What do we know about Gnowsis, looking at it through the lens of an IRIS designer? Firstly, Gnowsis probably predates IRIS, since our first prototype was crafted in late 2003. Secondly, Gnowsis takes a different approach than IRIS to user interface architectures.

IRIS can be seen from the screenshots to be of the single frame architecture, where we mount all applications, from email to calendar to web browsing in one frame. Gnowsis, by comparison, federates individual applications through a control system and browsers which grant views of the growing knowledge base.

IRIS designers are now taking a serious look at such differences, with an eye to a potential redesign of the IRIS interface. I’ll have more to say about that soon.

IRIS announced at 2005 Semantic Desktop Workshop

IRIS was announced and demonstrated at the Semantic Desktop Workshop in Galway, Ireland, today. There were about 100 people in attendance, and several great questions were asked. Possibly the most interesting question went something like this: “What is IRIS doing about the fact that some people want to use individual applications?

Let’s examine two interpretations to this question.

One interpretation is that people simply want to use their favored client, say, Eudora or Outlook for email. In order to do that, and remain within the design considerations that animate the IRIS implementation, someone would have to instrument those applications such that IRIS can be made aware of semantic events such as new email arrived, read, deleted, and so forth. IRIS would need the ability to cause such clients to display emails selected by users during other IRIS events, such as selecting an email related to some other activity, say, a project or task. That’s a tall task, instrumenting individual clients. Budget constraints often dictate what goes into IRIS; in the case of email clients, the Mozilla client was chosen for its usability and similarity to most other popular email clients.

Another interpretation is that people would rather not have all their clients loaded in one unified framework, as is presently the case. They would rather have each client available to move around on the desktop, or to close when not needed. That particular interpretation is presently subject to much discussion within the IRIS team. Watch this space for more developments surrounding the second interpretation.

Opening IRIS

This post will necessarily be short, simple, and mildly historic in nature, to answer the quesiton: What is IRIS?.

IRIS is a semantic desktop application created by researchers at SRI International and at universities around the United States. IRIS has been created to serve as a user interface and knowledge base for the CALO project. During development, we determined that the IRIS project was based originally on a number of open source projects and could easily be released to the open source community as a complete package. IRIS is, at once, a framework for plug-in applications and services, and a large and growing collection of such applications and services. Of particular interest to developers is the machine learning framework included in the project.

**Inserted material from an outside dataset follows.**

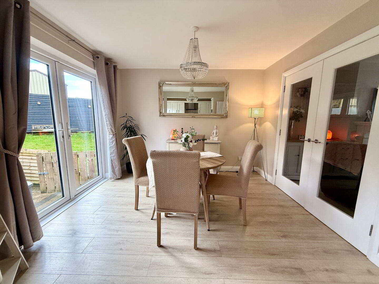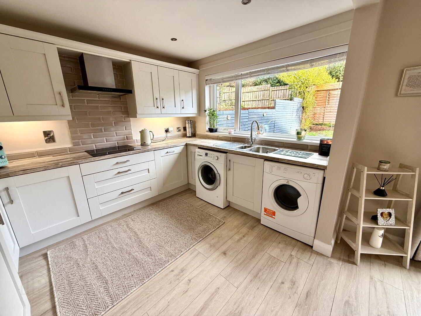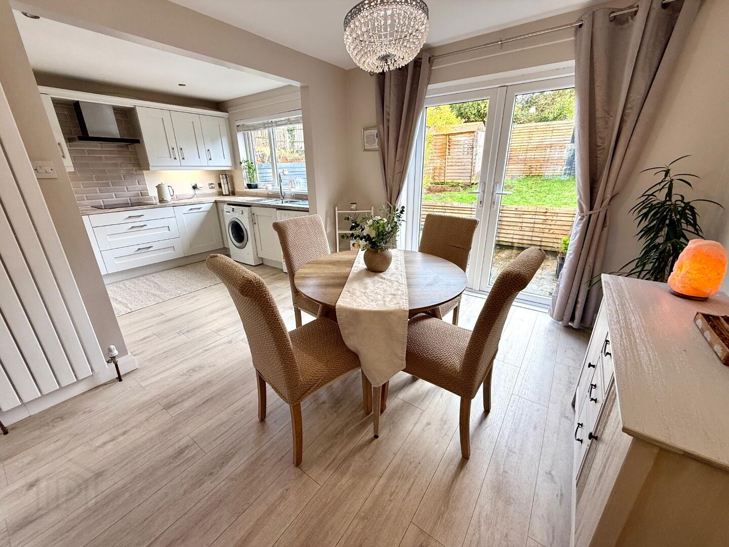 Kitchen/Dining 19'1 x 10'8 (to widest points) Eye and low level units, 1 1/4 bowl stainless steel sink unit with mixer tap, hob, oven and extractor fan, plumbed for washing machine, space for tumble dryer, integrated dishwasher, integrated fridge/freezer, recessed lighting in kitchen area, double patio doors, laminated wooden floor.

Source code to all components of the IRIS project will be made available following the next milestone build. That build will occur once the latest round of refactoring and cleanup of the source tree has been completed; we expect that to occur in mid January, 2006.

In this blog, several authors will contribute thoughts about the IRIS project, its evolution, the community of IRIS developers and users, and open source technologies in general. We expect to cover topics that include user interface, knowledge representation, machine learning, and more.